Copy each line of the data below exactly, leaving out pictures.

(Given data)

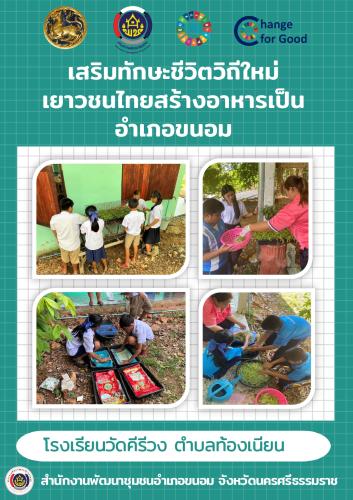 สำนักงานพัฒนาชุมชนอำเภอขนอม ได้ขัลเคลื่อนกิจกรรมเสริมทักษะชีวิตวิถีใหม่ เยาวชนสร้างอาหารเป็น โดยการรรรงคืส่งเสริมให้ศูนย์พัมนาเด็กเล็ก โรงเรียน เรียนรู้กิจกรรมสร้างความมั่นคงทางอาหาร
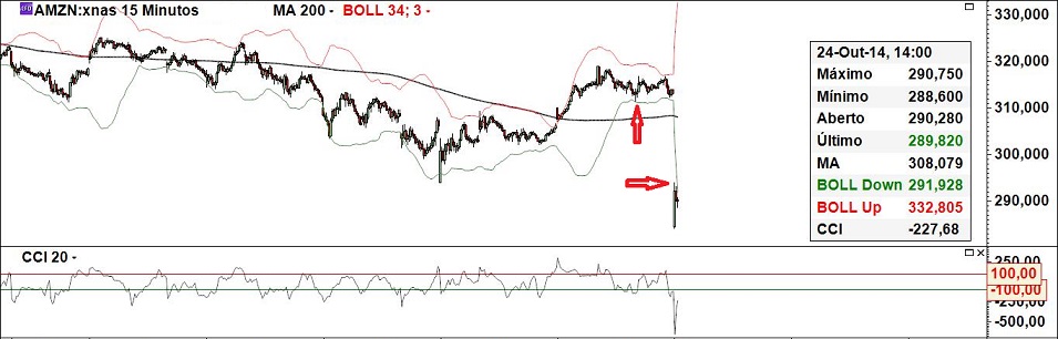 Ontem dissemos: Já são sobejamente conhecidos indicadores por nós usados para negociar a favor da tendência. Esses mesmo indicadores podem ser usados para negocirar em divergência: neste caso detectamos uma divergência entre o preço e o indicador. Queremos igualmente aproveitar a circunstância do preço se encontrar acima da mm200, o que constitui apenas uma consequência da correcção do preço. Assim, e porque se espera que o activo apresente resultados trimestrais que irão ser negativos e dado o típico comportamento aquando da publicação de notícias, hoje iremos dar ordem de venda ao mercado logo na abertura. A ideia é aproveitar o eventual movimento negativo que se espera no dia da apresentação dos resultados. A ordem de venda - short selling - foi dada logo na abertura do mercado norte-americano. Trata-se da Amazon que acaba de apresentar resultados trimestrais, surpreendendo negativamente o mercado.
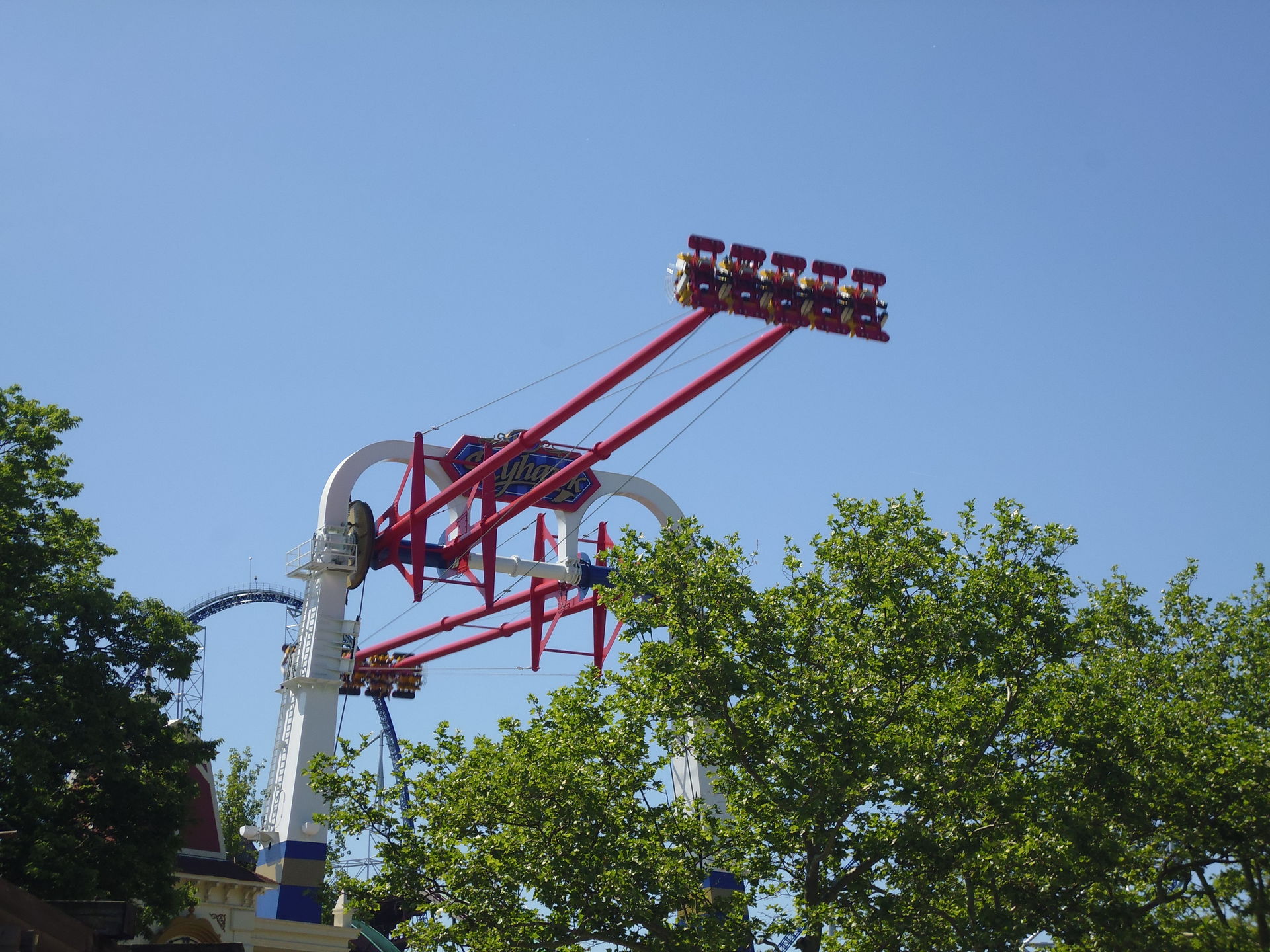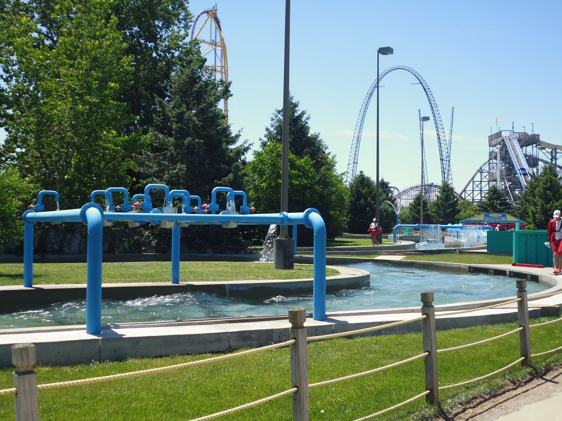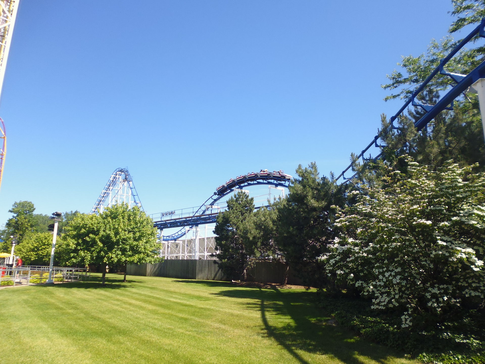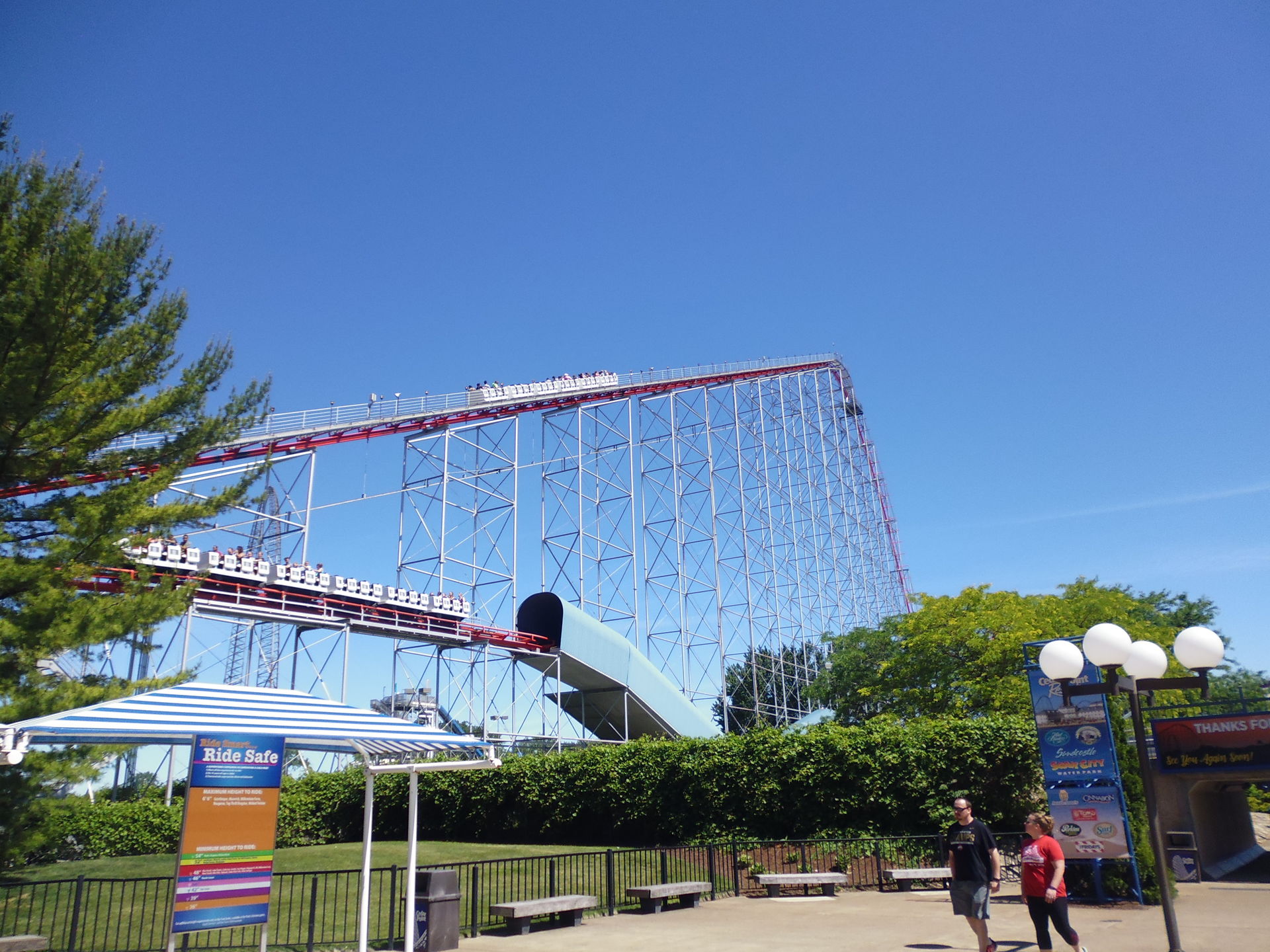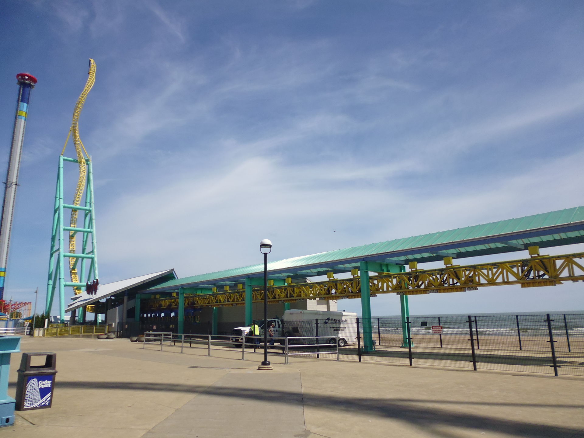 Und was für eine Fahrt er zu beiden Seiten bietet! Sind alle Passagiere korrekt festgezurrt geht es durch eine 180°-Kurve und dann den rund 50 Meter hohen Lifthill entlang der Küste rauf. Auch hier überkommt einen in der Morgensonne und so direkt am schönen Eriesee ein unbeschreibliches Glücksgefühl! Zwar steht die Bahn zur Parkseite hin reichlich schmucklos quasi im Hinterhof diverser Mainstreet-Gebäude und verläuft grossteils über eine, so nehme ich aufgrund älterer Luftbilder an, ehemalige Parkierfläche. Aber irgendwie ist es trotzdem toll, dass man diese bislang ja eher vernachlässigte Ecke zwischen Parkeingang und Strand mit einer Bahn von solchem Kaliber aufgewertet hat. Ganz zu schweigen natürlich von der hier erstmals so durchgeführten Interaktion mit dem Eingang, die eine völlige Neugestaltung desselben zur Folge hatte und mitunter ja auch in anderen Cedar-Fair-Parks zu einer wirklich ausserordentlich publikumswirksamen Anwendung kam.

(End Given data)

**Exercise result:**
 สำนักงานพัฒนาชุมชนอำเภอขนอม ได้ขัลเคลื่อนกิจกรรมเสริมทักษะชีวิตวิถีใหม่ เยาวชนสร้างอาหารเป็น โดยการรรรงคืส่งเสริมให้ศูนย์พัมนาเด็กเล็ก โรงเรียน เรียนรู้กิจกรรมสร้างความมั่นคงทางอาหาร
 Ontem dissemos: Já são sobejamente conhecidos indicadores por nós usados para negociar a favor da tendência. Esses mesmo indicadores podem ser usados para negocirar em divergência: neste caso detectamos uma divergência entre o preço e o indicador. Queremos igualmente aproveitar a circunstância do preço se encontrar acima da mm200, o que constitui apenas uma consequência da correcção do preço. Assim, e porque se espera que o activo apresente resultados trimestrais que irão ser negativos e dado o típico comportamento aquando da publicação de notícias, hoje iremos dar ordem de venda ao mercado logo na abertura. A ideia é aproveitar o eventual movimento negativo que se espera no dia da apresentação dos resultados. A ordem de venda - short selling - foi dada logo na abertura do mercado norte-americano. Trata-se da Amazon que acaba de apresentar resultados trimestrais, surpreendendo negativamente o mercado.
 Und was für eine Fahrt er zu beiden Seiten bietet! Sind alle Passagiere korrekt festgezurrt geht es durch eine 180°-Kurve und dann den rund 50 Meter hohen Lifthill entlang der Küste rauf. Auch hier überkommt einen in der Morgensonne und so direkt am schönen Eriesee ein unbeschreibliches Glücksgefühl! Zwar steht die Bahn zur Parkseite hin reichlich schmucklos quasi im Hinterhof diverser Mainstreet-Gebäude und verläuft grossteils über eine, so nehme ich aufgrund älterer Luftbilder an, ehemalige Parkierfläche. Aber irgendwie ist es trotzdem toll, dass man diese bislang ja eher vernachlässigte Ecke zwischen Parkeingang und Strand mit einer Bahn von solchem Kaliber aufgewertet hat. Ganz zu schweigen natürlich von der hier erstmals so durchgeführten Interaktion mit dem Eingang, die eine völlige Neugestaltung desselben zur Folge hatte und mitunter ja auch in anderen Cedar-Fair-Parks zu einer wirklich ausserordentlich publikumswirksamen Anwendung kam.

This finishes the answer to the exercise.